Madonna raised a few eyebrows with her worked-over red carpet appearance, but her elaborately staged performance of "Living For Love" left no doubt that she's still the one Katy Perry, Taylor Swift, Ariana Grande and all the other pop divas should be chasing.
It was very satisfying to hear Rosanne Cash referred to as a three-time Grammy winner on Sunday -- as many as Beyonce and Pharrell, don'tcha know -- even before her stint as a co-host of the pre-telecast awards. Johnny's daughter took home one Americana and two American Roots trophies, all well-deserved for her 2014 album "The River & the Thread."
It's kind of inside baseball, but it was a hoot to see Hans Zimmer, best known for his film scores, playing guitar hero on Pharrell Williams train-wreck new version of "Happy." Suffice to say he cuts an unlikely figure for a shredder.

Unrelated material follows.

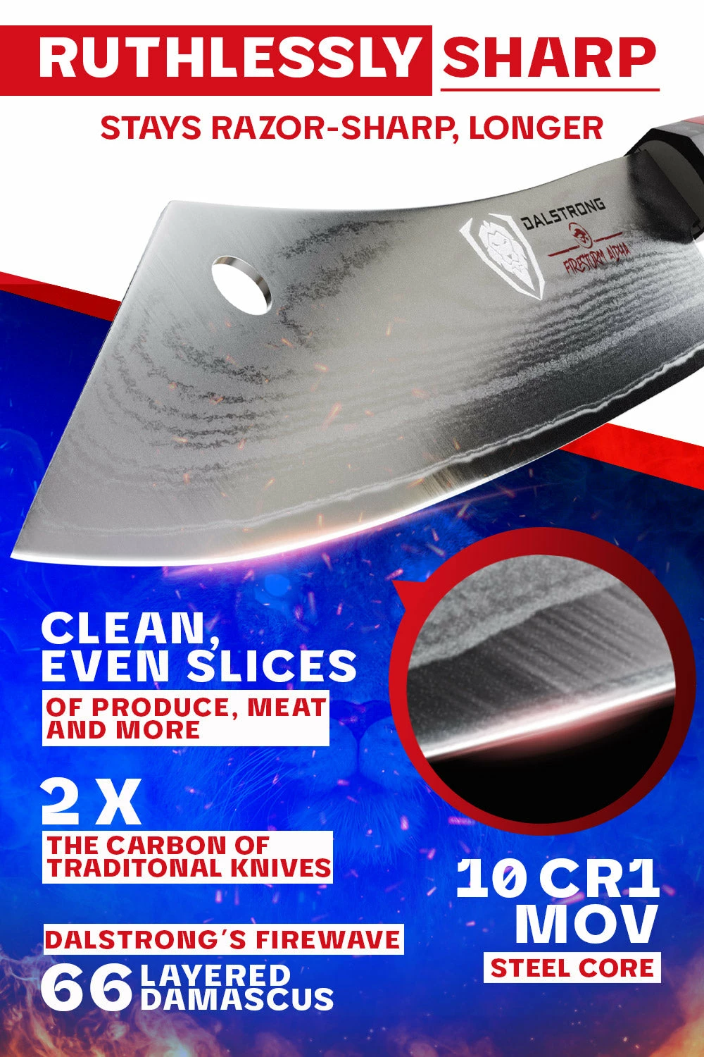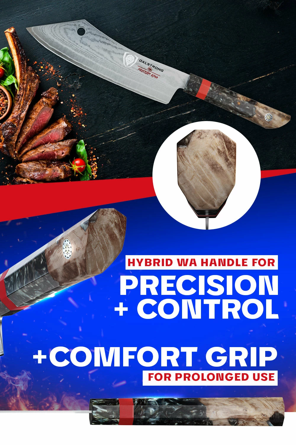 The Firestorm Alpha series Crixus is a specialty blade unique to Dalstrong, designed for meat lovers and BBQ enthusiasts. Part chef knife, part cleaver, this hybrid is the go-to tool of choice for those who prepare a lot of meat, especially from start to finish. This blade has the size and weight to slice through tough cuts of meat and bone, while still being maneuverable and versatile enough to wield through the rest of your prep work as well.
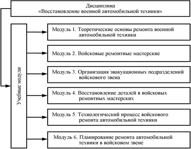 Рисунок 2 – Состав и содержание учебных модулей дисциплины «Восстановление военной автомобильной техники»

Sia's performance art treatment of "Chandelier" got plenty of head-scratching social media action. It actually looked like dancers Kristen Wiig and Maddie Ziegler were listening to Taylor Swift's "Shake It Off" in their earbuds.
After showing Producer of the Year winner Max Martin in the crowd, we now know what he looks like in case we want revenge for all that grating pop music since '99.
Finally, whose idea was it to present the final award a half-hour before the telecast ended? Without any anticipation remaining, it rendered anticlimactic the In Memoriam segment -- which forgot Dick Wagner, Gary Grimshaw and Tangerine Dream's Edgar Froese -- and gospel-flavored performances by Beyonce and the duo of John Legend and Common.
The Detroit Tally:
Eminem brought his career Grammy total to 15 with two more trophies on Sunday -- Best Rap Album for "The Marshall Mathers LP 2" and Best Rap/Sung Collaboration for "The Monster" with Rihanna. Jack White, meanwhile, took home the Grammy for Best Rock Performance for the title track from his 2014 album "Lazaretto" and shared in the Best Boxed Set Or Limited Edition Package award for "The Rise & Fall of Paramount Records, Vol. 1 (1917-27)," for which White was art director and released on his Third Man Records label. White now has 11 career Grammys.